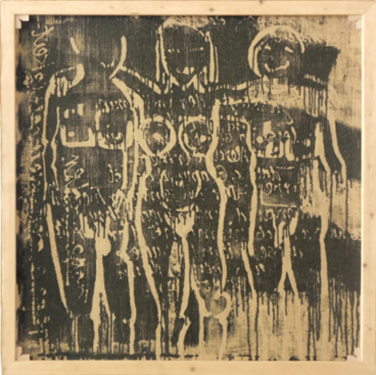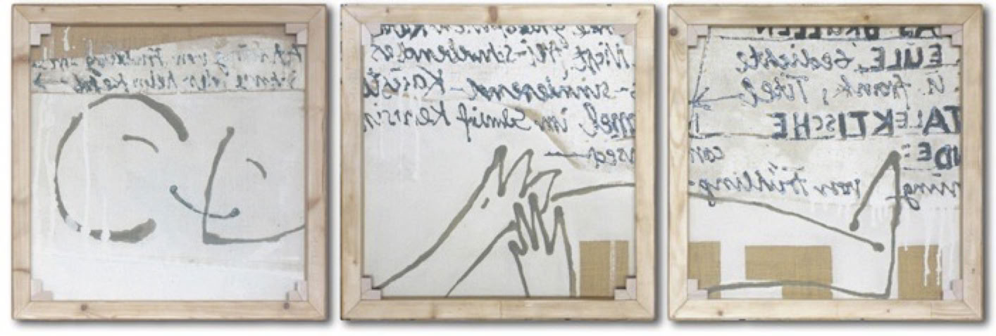 KOPF UND KRAGEN DES GEMEINEN KÜNSTLERS Acryl auf Jute, 75 x 230 x 5,5 cm / Triptychon
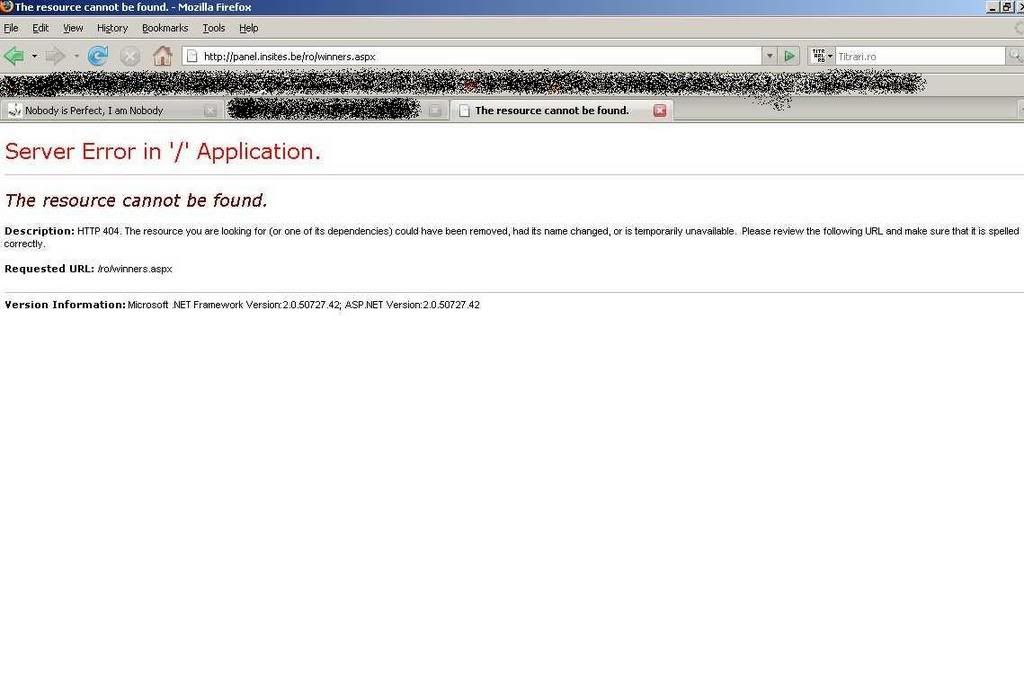 Ok, 80 % din cei ce acceseaza pagina aia cu castigatorii nu vor stii probabil sa stearga x-ul ala (http://panel.insites.be/ro/winners.aspx ). E greseala sau rea intentie? dreaq sa ii ia…traim in Romania! (sau parca sunt belgieni…uatevãr). Ei fac studiile astea pentru nu stiu ce firme care marca banu’ gros..iar ei se sterg la fund cu pagina castigatorilor..deja ma enervez…
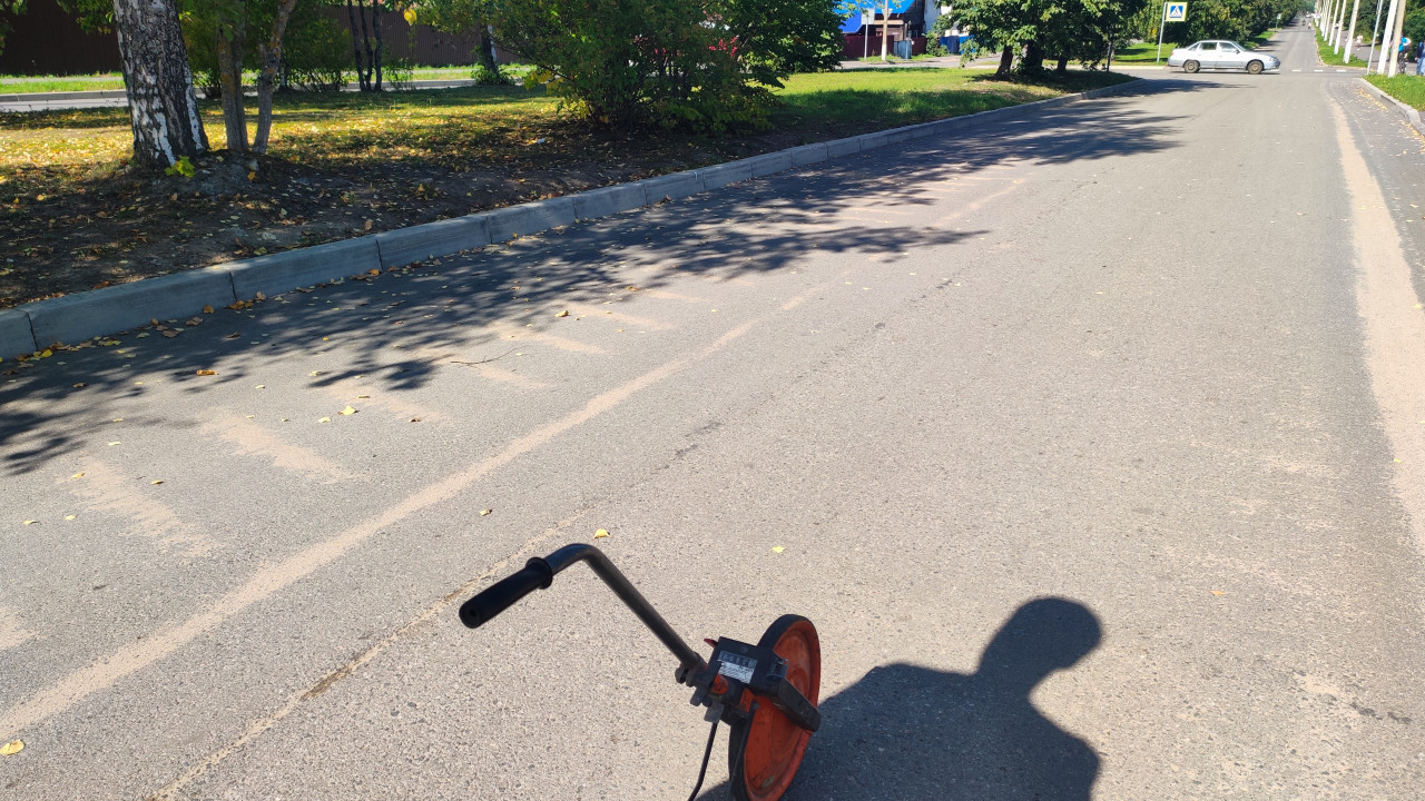 город улица дорога асфальт городская инфраструктура строительный контроль технический контроль обследование замеры измерения измерительное колесо курвиметр проезжая часть бордюр благоустройство замер инструмент дорожный курвиметр колесный меритель метр измерение расстояния разметка подготовка работ дорожные работы инженер геодезия тень деревья листва перекрёсток пешеходный переход городская средаПохожие фотографии
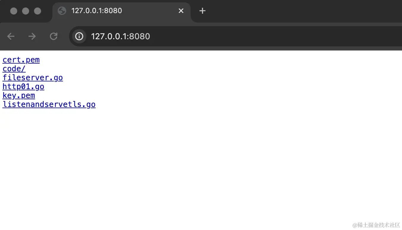 在浏览器中访问 http://127.0.0.1:8080 地址,可以看到本地目录中的所有文件和目录都可以被访问到。
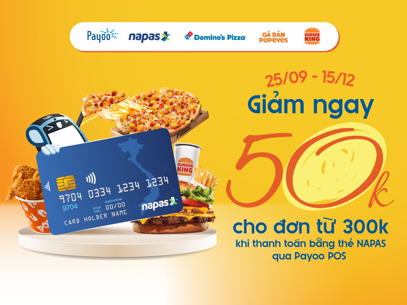 Bạn trẻ mê thưởng thức các món ăn quốc tế nhanh gọn như gà rán, pizza hay burger từ những thương hiệu hàng đầu thế giới nay có lý do để tụ tập nhiều hơn. Burger King, Popeyes và Domino’s Pizza đồng loạt mang đến chương trình giảm giá hấp dẫn khi thanh toán bằng thẻ NAPAS qua Payoo POS.
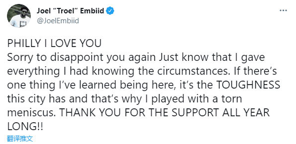 24直播网讯 北京时间6月21日,东部第一费城大比分3-4被淘汰出局,又一次输掉抢七无缘东决,赛后恩比德公开发表声明,直言费城我爱你,抱歉又让你失望了。
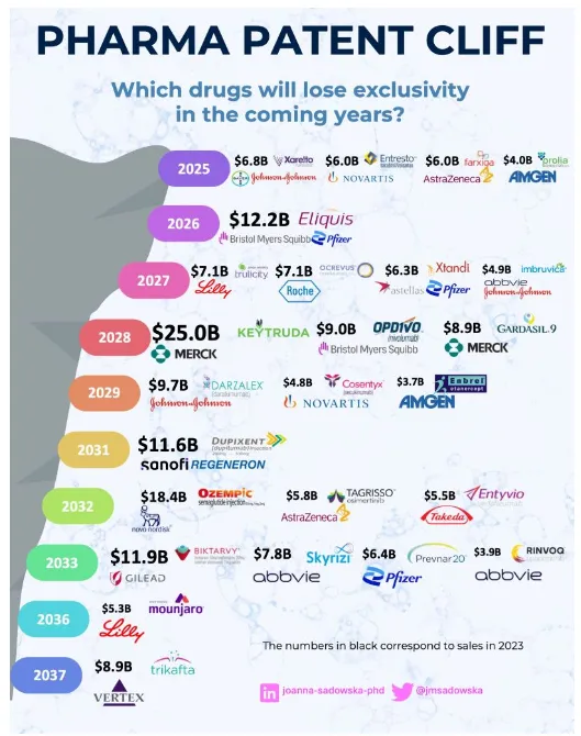近期,根据 Joanna Sadowska(PhD, EMBA)分享的“药品专利悬崖”,在未来十几年中,有近200种药物(包括年销售额超过10亿美元的69种重磅药物)将失去其知识产权保护。
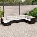 vidaXL - 8 pièces - Ensemble de salon - avec - coussins - poly - rotin - noir
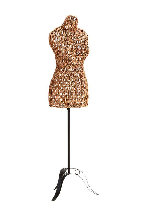 Sovitusnuken mallinen naulakko punottua luonnonkuitua. Jalka mustaa metallia. Korkeus 145 cm Leveys 43 cm Syvyys 25 cm
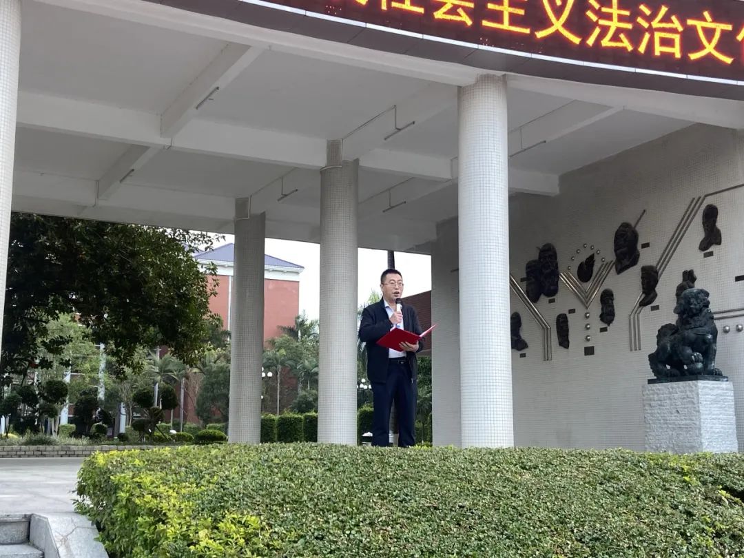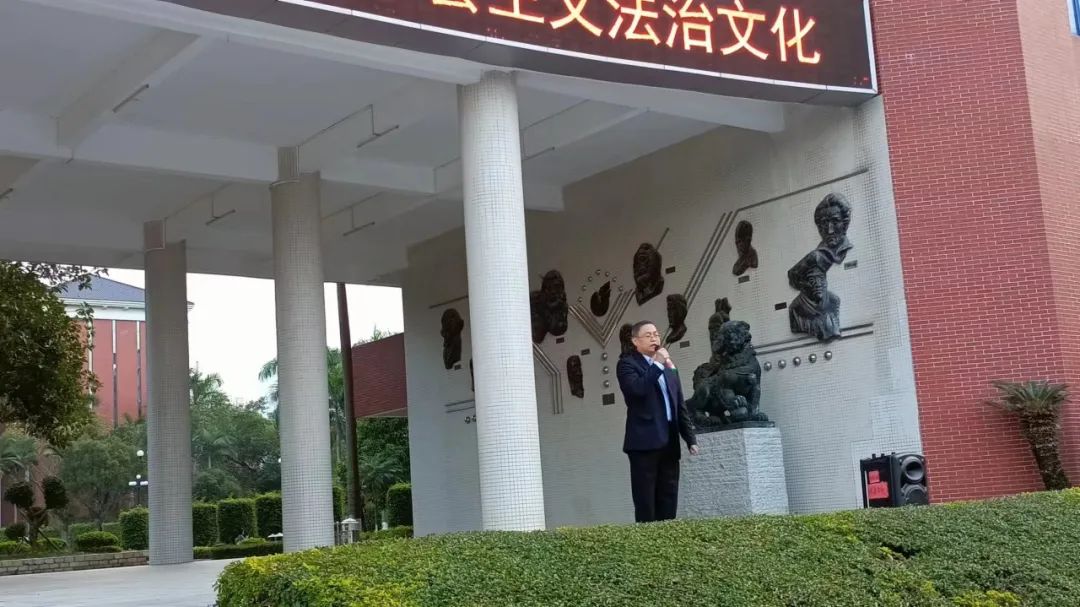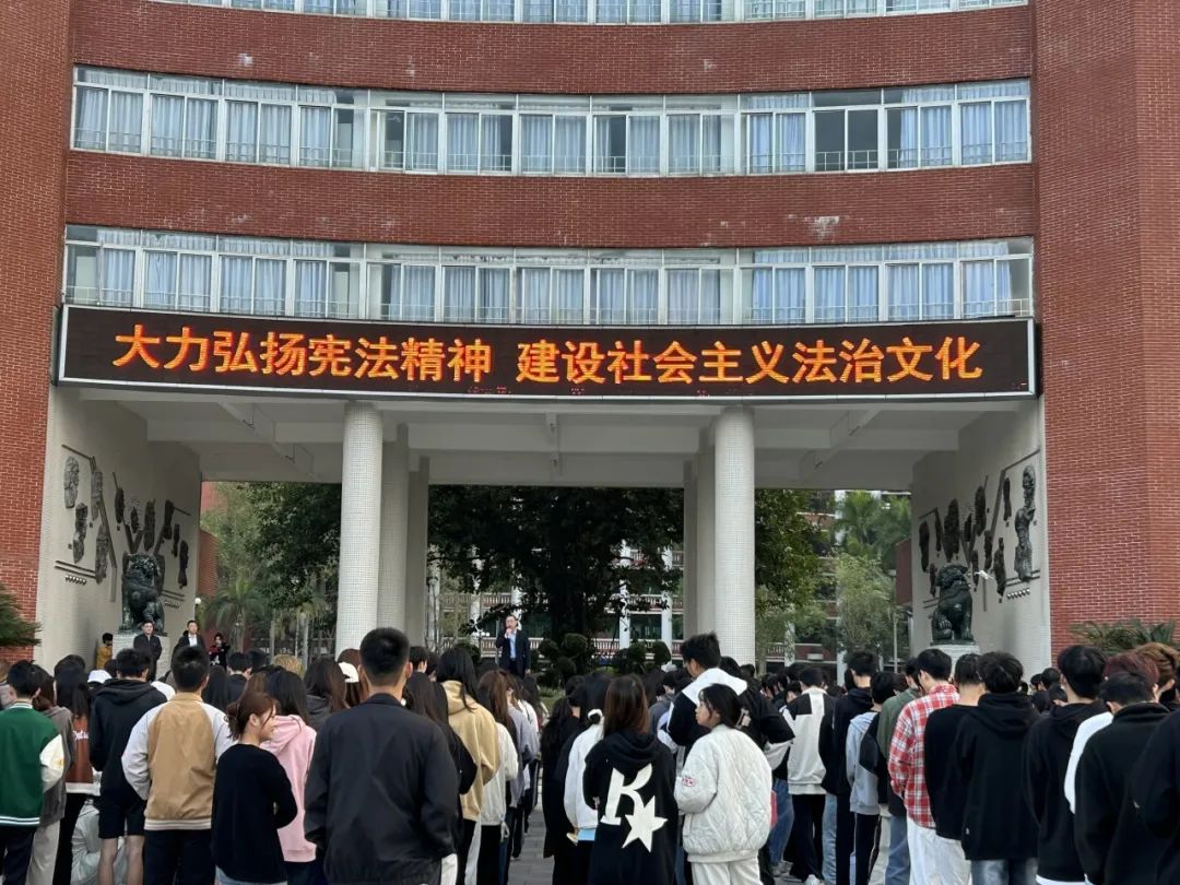 隨風(fēng)飄揚(yáng)的國(guó)旗,暖暖灑下的陽(yáng)光,廣州華立科技職業(yè)學(xué)院黨委副書記高堯來(lái)副校長(zhǎng)向老師同學(xué)們普及憲法知識(shí),12月4日是國(guó)家憲法日,希望大家記住這一天,認(rèn)真學(xué)習(xí)憲法的一些知識(shí)。權(quán)力屬于人民,權(quán)力屬于憲法,一切違反憲法和法律的行為都必須予以追究和糾正,我們也要引以為戒,不做違法亂紀(jì)的事。希望全體師生提高認(rèn)識(shí),積極了解憲法,弘揚(yáng)憲法精神,成為對(duì)社會(huì)責(zé)任,有擔(dān)當(dāng)?shù)氖胤ü?,同時(shí)我們大家要深入學(xué)習(xí)習(xí)近平總書記的法治思想,用法律鑄就屏障,不斷將理論和實(shí)踐結(jié)合,取得新成果,為推動(dòng)全面依法治國(guó)貢獻(xiàn)力量,書寫法治中國(guó)新篇章!

________________

→ PROBLEM DESCRIPTION
Leave the pictures aside and transcribe only the lines from the one holding "Bạn trẻ mê thưởng" through the final line of the records above.

→ SOLUTION TO THIS EXERCISE
 Bạn trẻ mê thưởng thức các món ăn quốc tế nhanh gọn như gà rán, pizza hay burger từ những thương hiệu hàng đầu thế giới nay có lý do để tụ tập nhiều hơn. Burger King, Popeyes và Domino’s Pizza đồng loạt mang đến chương trình giảm giá hấp dẫn khi thanh toán bằng thẻ NAPAS qua Payoo POS.
 24直播网讯 北京时间6月21日,东部第一费城大比分3-4被淘汰出局,又一次输掉抢七无缘东决,赛后恩比德公开发表声明,直言费城我爱你,抱歉又让你失望了。
近期,根据 Joanna Sadowska(PhD, EMBA)分享的“药品专利悬崖”,在未来十几年中,有近200种药物(包括年销售额超过10亿美元的69种重磅药物)将失去其知识产权保护。
 vidaXL - 8 pièces - Ensemble de salon - avec - coussins - poly - rotin - noir
 Sovitusnuken mallinen naulakko punottua luonnonkuitua. Jalka mustaa metallia. Korkeus 145 cm Leveys 43 cm Syvyys 25 cm
 隨風(fēng)飄揚(yáng)的國(guó)旗,暖暖灑下的陽(yáng)光,廣州華立科技職業(yè)學(xué)院黨委副書記高堯來(lái)副校長(zhǎng)向老師同學(xué)們普及憲法知識(shí),12月4日是國(guó)家憲法日,希望大家記住這一天,認(rèn)真學(xué)習(xí)憲法的一些知識(shí)。權(quán)力屬于人民,權(quán)力屬于憲法,一切違反憲法和法律的行為都必須予以追究和糾正,我們也要引以為戒,不做違法亂紀(jì)的事。希望全體師生提高認(rèn)識(shí),積極了解憲法,弘揚(yáng)憲法精神,成為對(duì)社會(huì)責(zé)任,有擔(dān)當(dāng)?shù)氖胤ü?,同時(shí)我們大家要深入學(xué)習(xí)習(xí)近平總書記的法治思想,用法律鑄就屏障,不斷將理論和實(shí)踐結(jié)合,取得新成果,為推動(dòng)全面依法治國(guó)貢獻(xiàn)力量,書寫法治中國(guó)新篇章!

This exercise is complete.